During the second quarter, Carrizo began production from its first operated multiple-geologic-bench downspacing pilot in the Niobrara formation. As previously disclosed, the pilot consisted of eight wells in the Company's Bringelson Ranch area in Weld County, Colorado, which tested both B-A-B and B-B-B lateral orientations spaced 300 ft. apart, equating to 40-acre spacing. The Company remains pleased with the performance of the wells, as the average 30-day rate of 588 Boe/d (90% oil) continued to exceed the Area 1 type curve. The three A bench wells averaged 654 Boe/d (89% oil) while the five B bench wells averaged 548 Boe/d (91% oil). The Area 1 type curve assumes a 30-day rate of 503 Boe/d. Carrizo operates the Bringelson Ranch wells with an approximate 29% working interest.
In the Marcellus Shale, Carrizo completed 9 gross (2.4 net) operated wells during the second quarter. Natural gas production from the Marcellus was 59.4 MMcf/d in the second quarter, up from 44.5 MMcf/d in the prior quarter. Local market prices in Appalachia remain challenging, and the Company continues to utilize voluntary production curtailments when prices get extremely low, which has been factored into its production guidance. Additionally, the Company was able to defer the completion of 6 gross wells until next year. As a result, Carrizo does not currently plan to complete any additional Marcellus Shale wells during 2014.
During the second quarter, Carrizo began to build a leasehold position in the Delaware Basin. To date, the Company has acquired more than 17,000 net undeveloped acres in Culberson and Reeves counties, Texas, that are prospective for the Wolfcamp Shale.
Financial Position and Liquidity
As of June 30, 2014, Carrizo had total debt outstanding of $1,025.4 million and cash and cash equivalents of $8.6 million. Net Debt-to-Adjusted EBITDA (based on the trailing four quarters) was 2.1x for the second quarter. The borrowing base on the Company's senior credit facility is currently $570 million, and as of July 31, 2014, Carrizo had $103 million drawn on the facility.
Hedging Activity
Carrizo currently has hedges in place for over 75% of estimated crude oil production for the remainder of 2014 (based on the midpoint of guidance). For the balance of the year, the Company has hedged approximately 15,000 Bbls/d of crude oil at a weighted average floor price of $92.22/Bbl (comprised of 11,500 Bbls/d of swaps at an average price of $93.55/Bbl and 3,500 Bbls/d of collars at an average floor price of $87.85/Bbl).

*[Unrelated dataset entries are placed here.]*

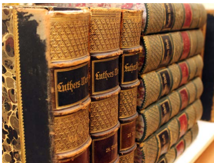
Veimārā izdotais Dr. Mārtiņa Lutera rakstu kopojums.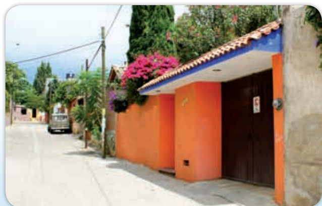
La vivienda urbana moderna se caracteriza por su nuevo diseño.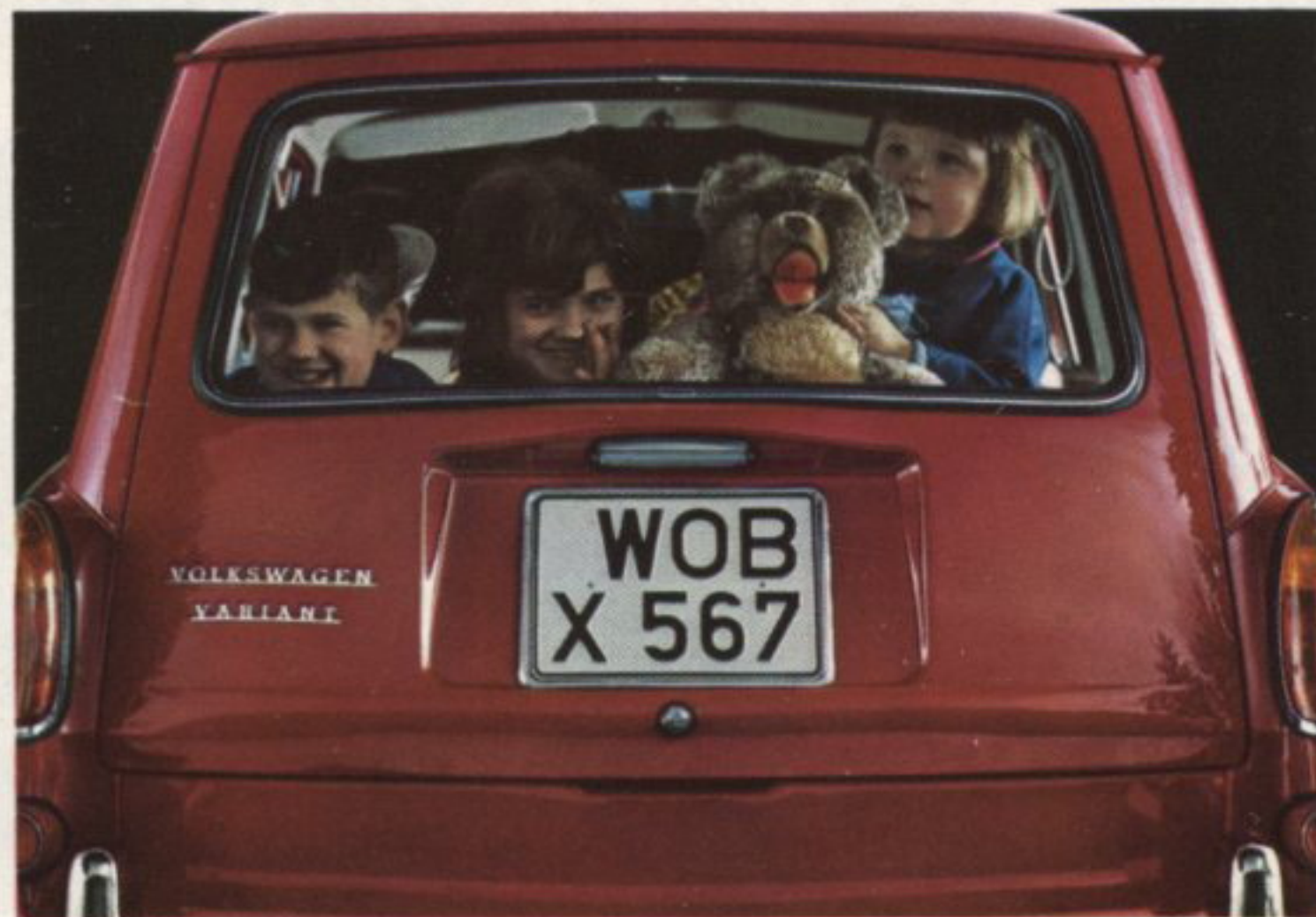
för hela familjen

— ja det mesta för de flesta får plats i Volkswagen 1500 Variant

Carrizo also has hedges in place for over 90% of estimated natural gas and NGL production for the remainder of 2014 (based on the midpoint of guidance). For the balance of the year, the Company has swaps on approximately 58,690 MMBtu/d at a weighted average price of $4.20/MMBtu. (Please refer to the attached tables for a detailed summary of the Company's derivative contracts.)
Conference Call Details
The Company will hold a conference call to discuss 2014 second quarter financial results on Tuesday, August 5, 2014 at 10:00 AM Central Daylight Time. To participate in the call, please dial (800) 616-7436 (U.S. & Canada) or +1 (303) 223-2681 (Intl./Local) ten minutes before the call is scheduled to begin. A replay of the call will be available through Tuesday, August 12, 2014 at 11:59 AM Central Daylight Time at (800) 633-8284 (U.S. & Canada) or +1 (402) 977-9140 (Intl./Local). The reservation number for the replay is 21727996 for U.S., Canadian and International callers.

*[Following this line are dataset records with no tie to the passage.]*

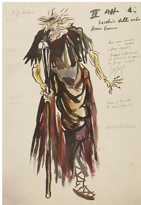
Fig. 13. Renato Guttuso, Figurino della Vecchia dell’Erbe per la rappresentazione milanese dell’opera La figlia di Iorio di Ildebrando Pizzetti (Milano, Teatro alla Scala, 24 marzo 1956).

abruzzesi, Finamore e De Nino 31 –, il Canto dei pellegrini “Evviva Maria” – un antico canto processionario delle genti d’Abruzzo che si ripete nella I e V scena del II atto 32 – e il Coro delle lamentatrici (I scena III atto) che Silvio D’Amico nella sua recensione su «La Tribuna» (13 ottobre 1934) giudicò “bellissimo”.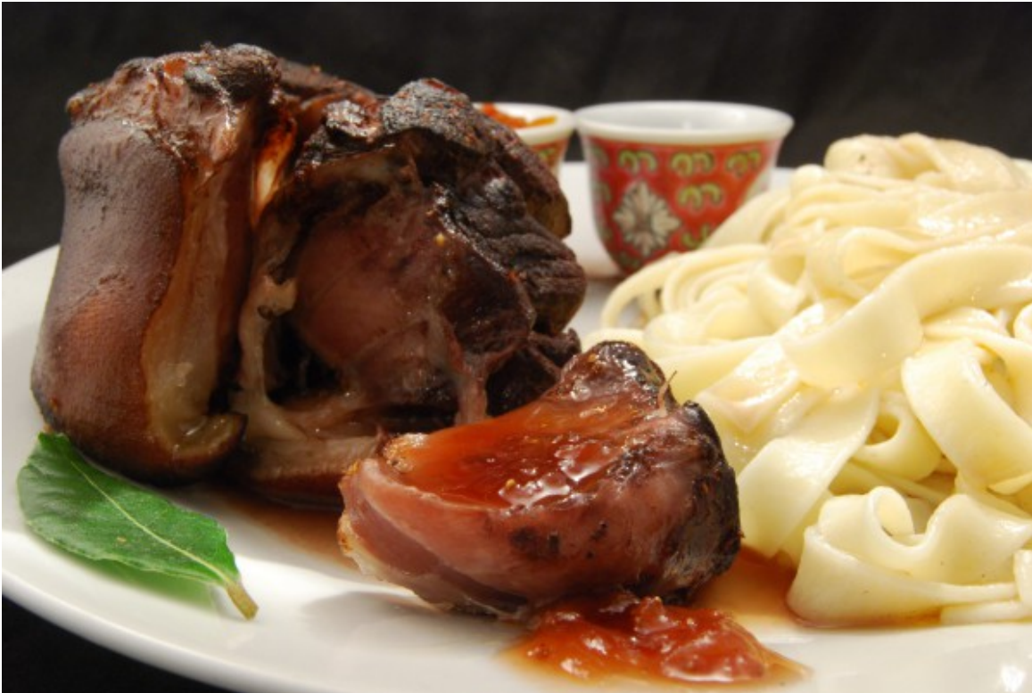
Haxe mit Currysaucen- und Marmeladen-Dip und Pasta

Das Team des „Fillet of Soul“ hatte mich zu einem Besuch in seinem Restaurant und einem Essen eingeladen. Ich hätte dann in einem Blogbeitrag darüber berichtet. Ich bin allerdings zur Zeit in einer zahnmedizinischen Behandlung und scheue etwas die Öffentlichkeit. Deshalb habe ich leider abgesagt.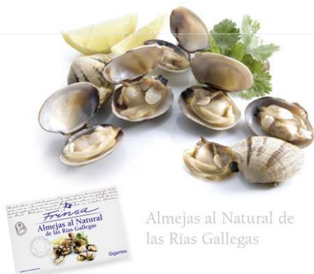
Almejas al Natural de las Rías Gallegas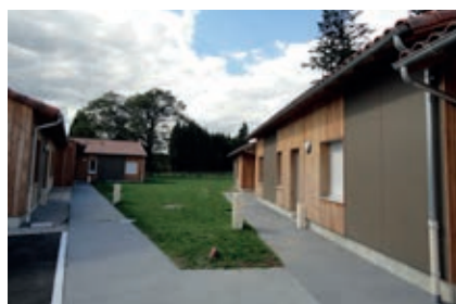
Logements adaptés à Saint-Pardoux

À l'horizon 2030, un tiers de la population haut-viennoise sera âgé de plus de 60 ans. Les besoins en termes d'accueil et de maintien à domicile des personnes âgées et/ou handicapées vont donc s'accroître. Face à ce défi, le Département agit sur deux fronts : la construction de logements adaptés en zone rurale et l'ouverture de lits en Ehpad.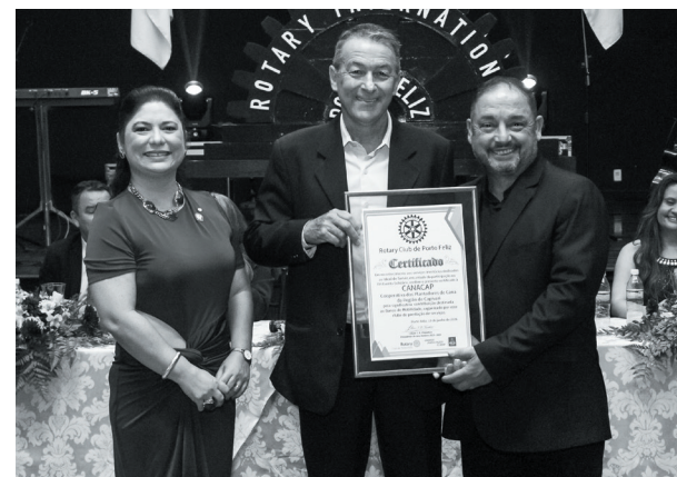
CANACAP - Cooperativa dos Plantadores de Cana da Região de Capivari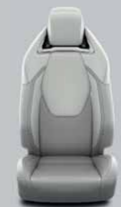
Szürke, perforált bőr & fényes króm díszcsíkkal Alapfelszereltség: Executive VIP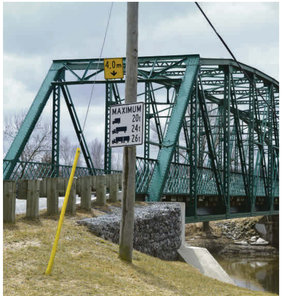
Le pont Provost, fermé à la circulation depuis janvier, devrait être réouvert à la circulation d'ici la fin de l'année 2018.

« Pour moi, c'est un détour d'environ 10 km par jour. Et c'est la troisième fois depuis 2010 que le pont doit être fermé temporairement. Ce n'est pas très agréable », allègue une d'entre elles.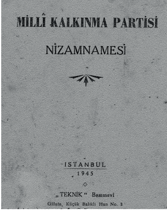
EK 1: Milli Kalkınma Partisi Nizamnamesi'nin 1945 tarihli nüshasının kapağı.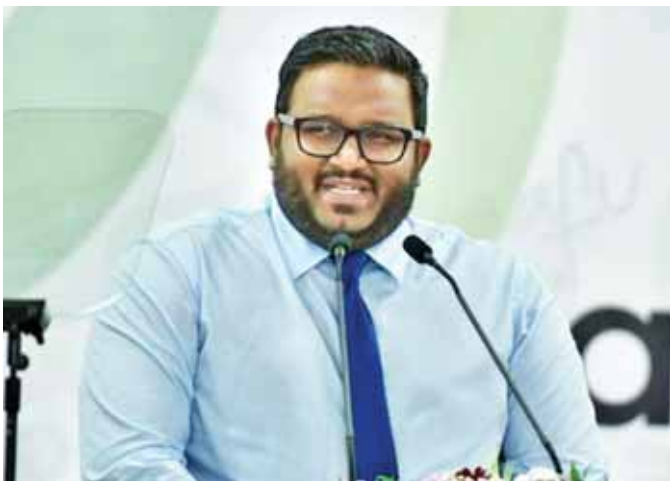
မော်လဒိုက် ဒုတိယသမ္မတ အာမက်အိဒ်ဟိတ်အား တွေ့ရစဉ်။

ပေါက်ကွဲမှုဖြစ်ပွားပြီး အရေးကြီးပုဂ္ဂိုလ်များအတွက် လုံခြုံရေးခြောက်လှန့်မှုတစ်ရပ် ဖြစ်ပွားနေစဉ် အောက်တိုဘာ ၁၄ ရက်တွင် သမ္မတ အဗ္ဗဒူလာယာမန်းက ကာကွယ်ရေးဝန်ကြီး မိုဆာအလီဂျာလယ်အား ထုတ်ပယ်ပြီးနောက် ဒုသမ္မတအာမက်အား ဖမ်းဆီးခဲ့ခြင်းဖြစ်သည်။ ယင်းဖြစ်ရပ်ဖြစ်ပွားပြီးနောက် အခြားစစ်ဘက်ဆိုင်ရာတာဝန်ရှိသူ နှစ်ဦးကို ချက်ချင်းဖမ်းဆီးခဲ့ကြောင်းသိရသည်။ ဒုသမ္မတအာမက်နှင့်အတူ မော်လဒိုက် အမျိုးသားကာကွယ်ရေးတပ်ဖွဲ့ (MNDF)မှ တာဝန်ရှိသူသုံးဦးကိုလည်း ဖမ်းဆီးခဲ့ကြောင်း ရဲတပ်ဖွဲ့ကဆိုသည်။ ဒုသမ္မတအာမက်မှာ တရုတ်နိုင်ငံ၌ကျင်းပသော ညီလာခံတက်ရောက်ပြီးပြန်လာစဉ် လေဆိပ်၌အဖမ်းခံခဲ့ရခြင်းဖြစ်သည်။ အာမက်သည် ပြည်ပတွင်နေထိုင်ရန် တိုင်းပြည်မှထွက်ခွာသွားခြင်းဖြစ်ကြောင်း ဒေသန္တရ မီဒီယာ အချို့ကထင်ကြေးပေးခဲ့ကြသော်လည်း တိုင်းပြည်သို့ ပြန်လာမည်ဖြစ်ကြောင်း ၎င်းက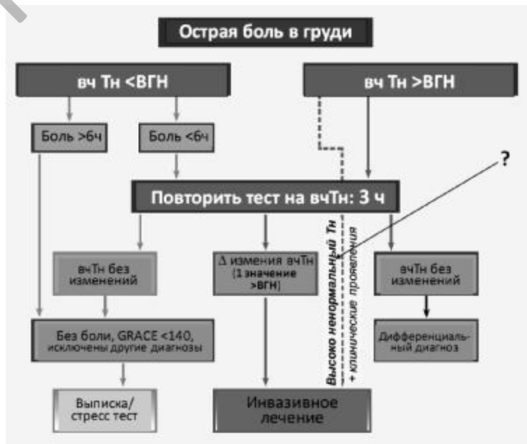
Схема 2. Быстрое исключение ОКС с определением вч тропонина (вчТн) (ЕНЖ 2011)

Рекомендации по применению антикоагулянтов прак-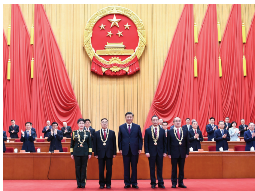
中共中央总书记、国家主席、中央军委主席习近平向“共和国勋章”获得者钟南山(前排右二)、“人民英雄”国家荣誉称号获得者张伯礼(前排左二)、张定宇(前排右一)、陈薇(前排左一)颁授勋章奖章。

经受了这场艰苦卓绝的历史大考,付出巨大努力,取得抗击新冠肺炎疫情斗争重大战略成果,创造了人类同疾病斗争史上又一个英勇壮举。习近平代表党中央、国务院和中央军委,向受到表彰的先进个人和先进集体,向为这次抗疫斗争作出重大贡献的广大医务工作者、疾控工作人员、人民解放军指战员、武警部队官兵、科技工作者、社区工作者、公安民警、应急救援人员、新闻工作者、企事业单位职工、工程建设者、下沉干部、志愿者以及广大人民群众,向各级党政机关和企事业单位广大党员、干部,致以崇高的敬意!向积极参与抗疫斗争的各民主党派、工商联和无党派人士、各人民团体以及社会各界,向踊跃提供援助的香港同胞、澳门同胞、台湾同胞以及海外华侨华人,表示衷心的感谢。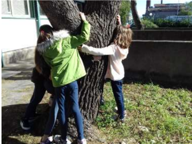
Abbracciamo gli alberi...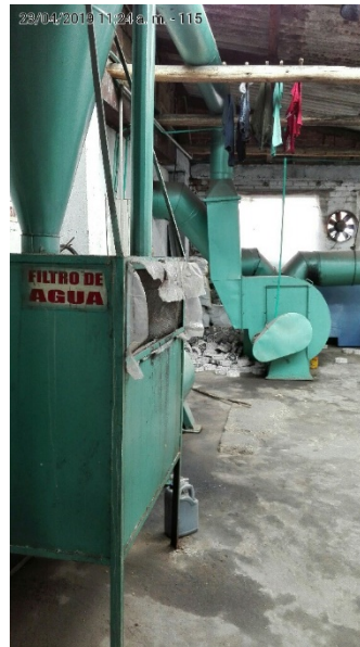
fotografia 8. DUCTOS DE DESCARGA de calderas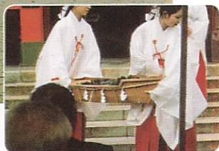
神饌を載せた木船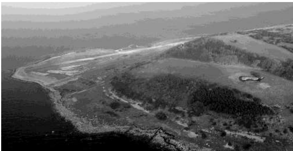
Hesselø november 2003. Den nye landingsbane og havnen ses tydeligt.

mindre ændringer for at forbedre sikkerheden. Vi beklager, at vi ikke var opmærksomme på reglerne.”

A simultaneous webcast of the call may be accessed over the internet by visiting our website at http://www.carrizo.com, clicking on "Investor Relations", and then clicking on "2014 Second Quarter Conference Call Webcast." To listen, please go to the website in time to register and install any necessary software. The webcast will be archived for replay on the Carrizo website for 15 days.
Carrizo Oil & Gas, Inc. is a Houston-based energy company actively engaged in the exploration, development, and production of oil and gas from resource plays located in the United States. Our current operations are principally focused in proven, producing oil and gas plays primarily in the Eagle Ford Shale in South Texas, the Utica Shale in Ohio, the Niobrara Formation in Colorado, and the Marcellus Shale in Pennsylvania.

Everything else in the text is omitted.